Work to be completed:
Once the line with "Una mujer que" is found in the entries below, print it and each following line exactly, stopping after the line with "Der integrierte 9"; print nothing else.

Data for this exercise:
= = = =

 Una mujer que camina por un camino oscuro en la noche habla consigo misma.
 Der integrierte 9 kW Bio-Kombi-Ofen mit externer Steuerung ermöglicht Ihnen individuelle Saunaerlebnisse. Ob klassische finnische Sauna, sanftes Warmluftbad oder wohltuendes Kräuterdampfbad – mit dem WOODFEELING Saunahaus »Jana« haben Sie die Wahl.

= = = =

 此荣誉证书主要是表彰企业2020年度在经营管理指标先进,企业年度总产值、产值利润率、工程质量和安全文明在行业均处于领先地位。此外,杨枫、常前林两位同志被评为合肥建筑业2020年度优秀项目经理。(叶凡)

= = = =

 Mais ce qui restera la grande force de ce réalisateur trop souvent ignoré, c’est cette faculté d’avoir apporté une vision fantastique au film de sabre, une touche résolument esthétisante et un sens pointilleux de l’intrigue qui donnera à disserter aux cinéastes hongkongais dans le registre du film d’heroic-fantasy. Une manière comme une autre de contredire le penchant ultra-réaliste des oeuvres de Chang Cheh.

= = = =

Result for this exercise:
 Una mujer que camina por un camino oscuro en la noche habla consigo misma.
 Der integrierte 9 kW Bio-Kombi-Ofen mit externer Steuerung ermöglicht Ihnen individuelle Saunaerlebnisse. Ob klassische finnische Sauna, sanftes Warmluftbad oder wohltuendes Kräuterdampfbad – mit dem WOODFEELING Saunahaus »Jana« haben Sie die Wahl.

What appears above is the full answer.